Based on our current operating plan, we believe that our existing resources, including cash generated from operations, as well as bank loans, will be sufficient to meet our working capital requirement for our current operations. However, in order to fully implement our business plan and continue our growth, we will require additional capital either from our stockholders or from outside sources.

ITEM 3. QUANTITATIVE AND QUALITATIVE DISCLOSURE ABOUT MARKET RISK.

As a “smaller reporting company,” as defined by Item 10 of Regulation S-K, the Company is not required to provide this information.

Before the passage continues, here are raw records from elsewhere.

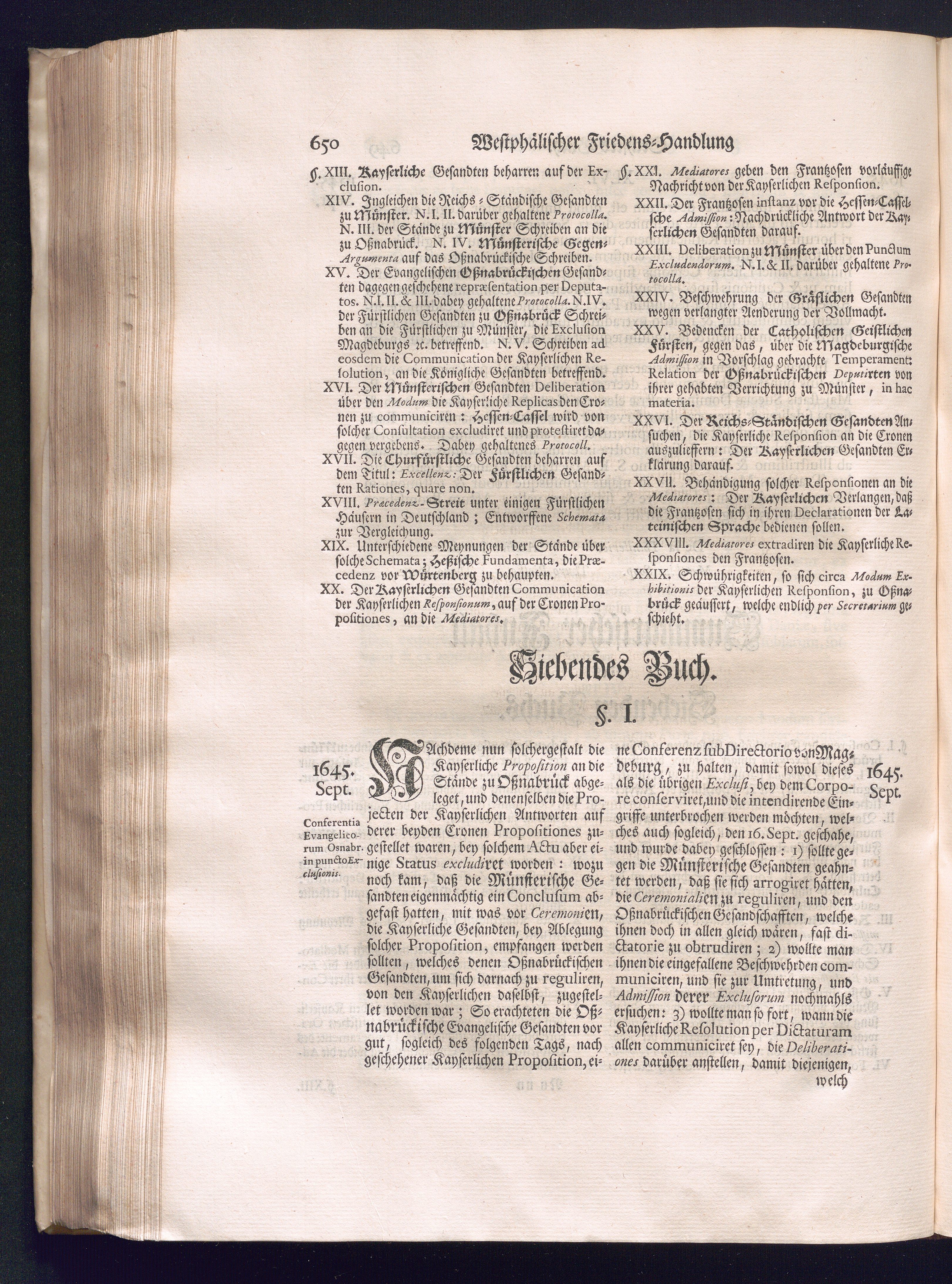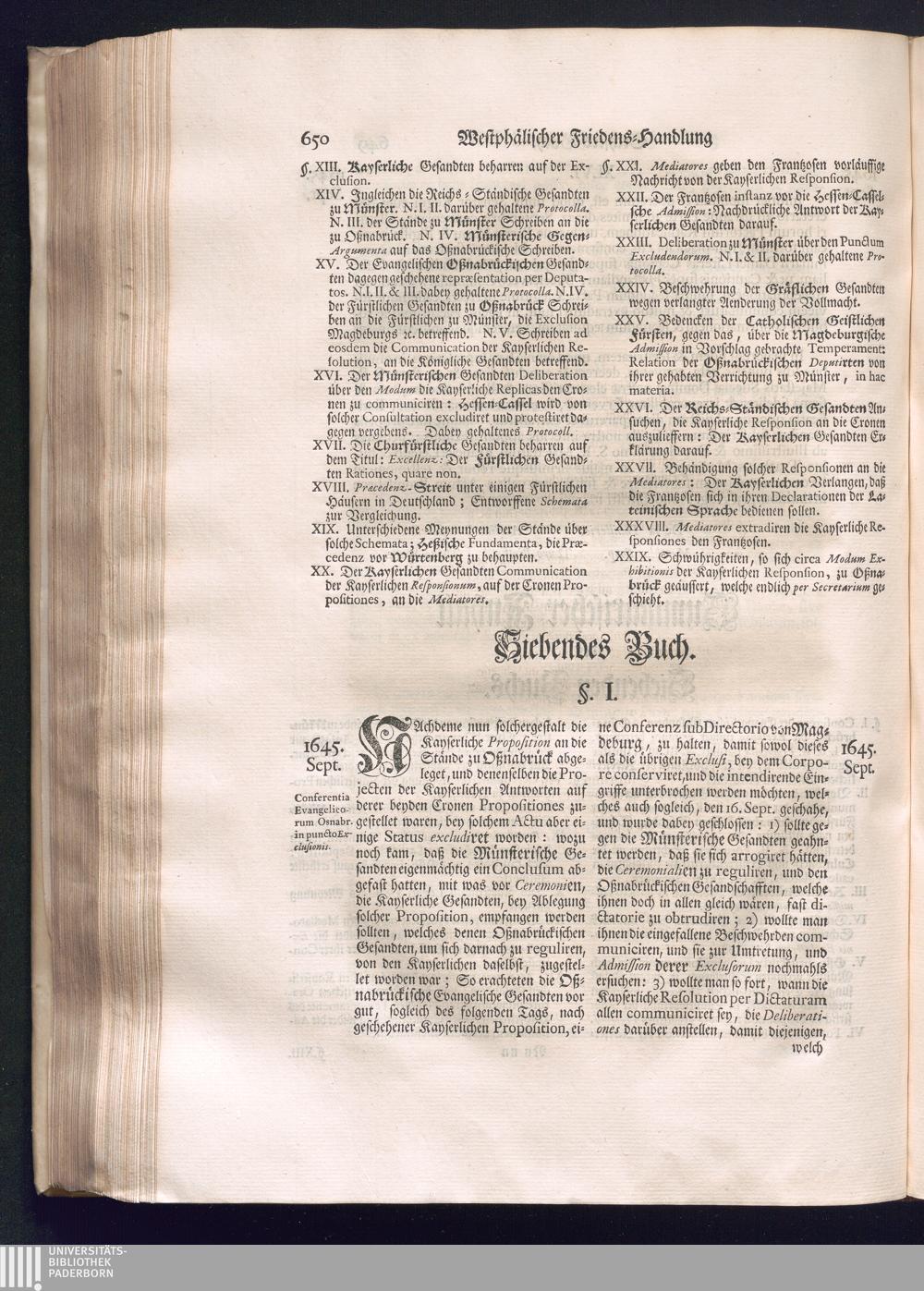 Erster Theil (1734) Worinnen enthalten, was vom Jahr 1643. biß in den Monath October Anno 1645. zwischen Jhro Römisch-Käyserlichen Majestät, dann den Beyden Cronen Franckreich und Schweden, ingleichen des Heiligen Römischen Reichs Chur-Fürsten, Fürsten und Ständen, zu Oßnabrück und Münster gehandelt worden
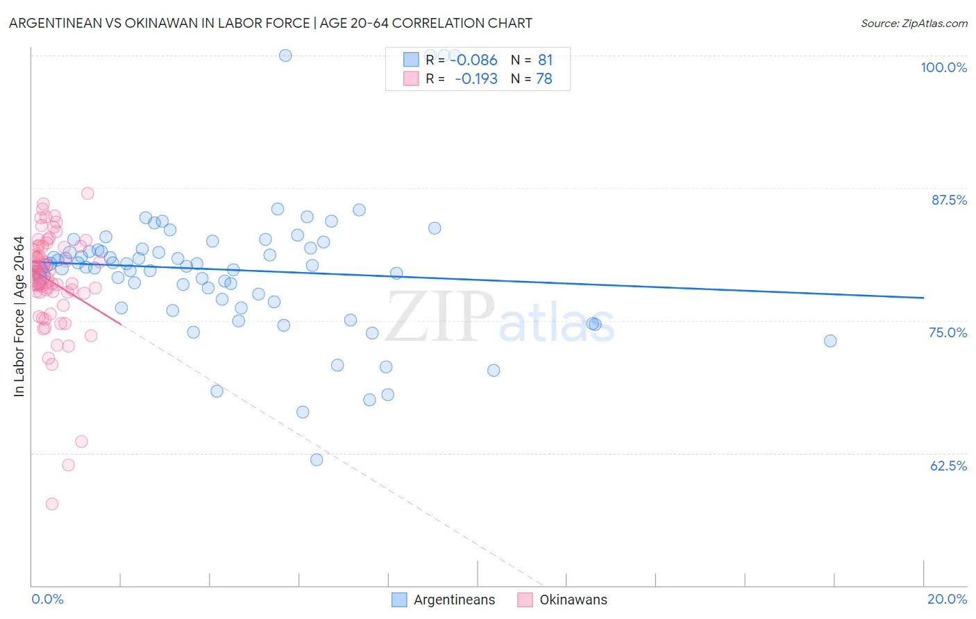 Argentinean vs Okinawan In Labor Force | Age 20-64 Correlation Chart
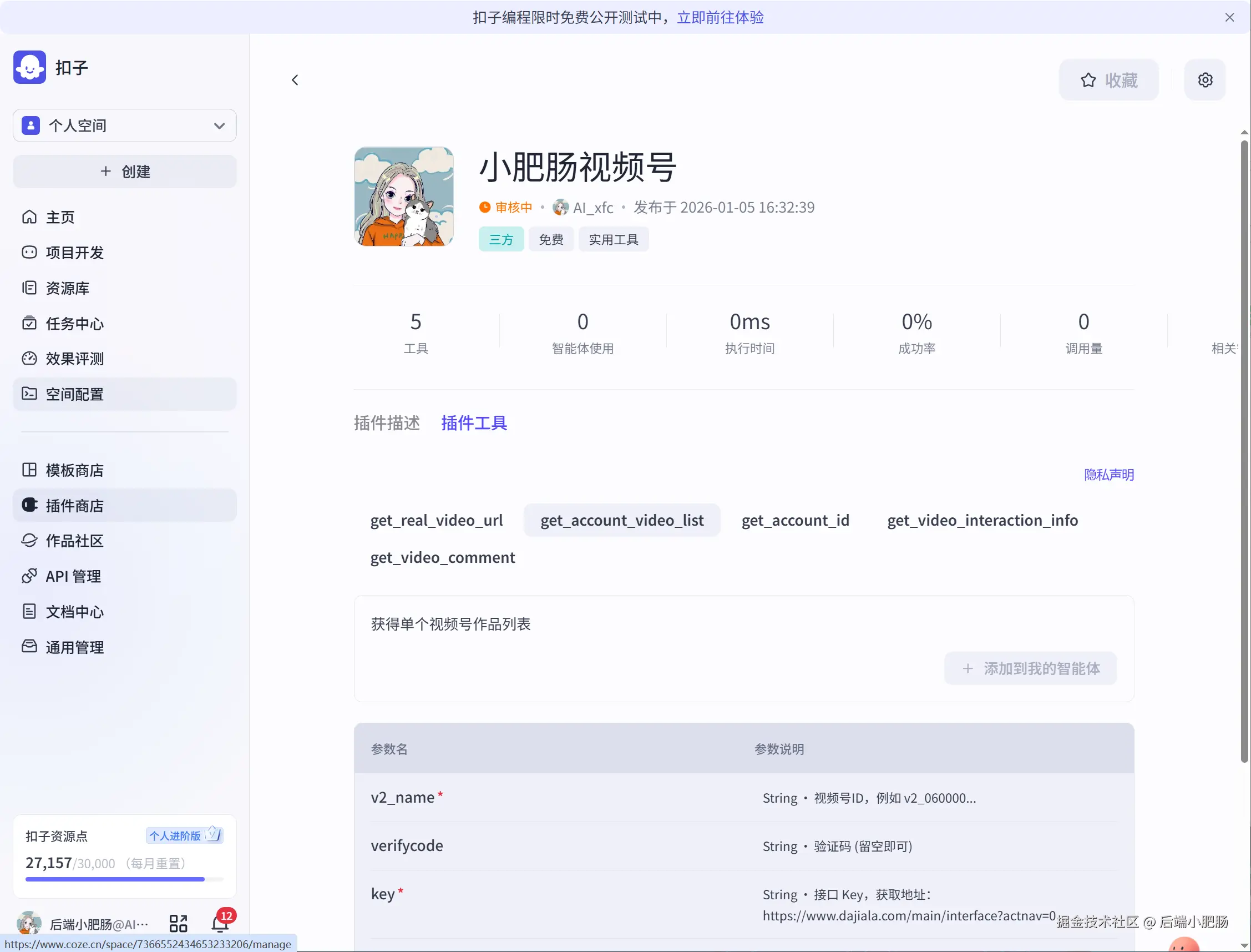 基于阿里云百炼模型提取文案: 这也是我开发的插件,插件市场搜索小肥肠即可找到并使用。它的作用是根据真实的视频地址提取文案内容。

ITEM 4. CONTROLS AND PROCEDURES.

Evaluation of Disclosure Controls and Procedures

We maintain disclosure controls and procedures (as defined in Rules 13a-15(e) under the Exchange Act) that are designed to ensure that information that would be required to be disclosed in Exchange Act reports is recorded, processed, summarized and reported within the time period specified in the SEC's rules and forms, and that such information is accumulated and communicated to our management, including to the Chief Executive Officer and Chief Financial Officer, as appropriate, to allow timely decisions regarding required disclosure.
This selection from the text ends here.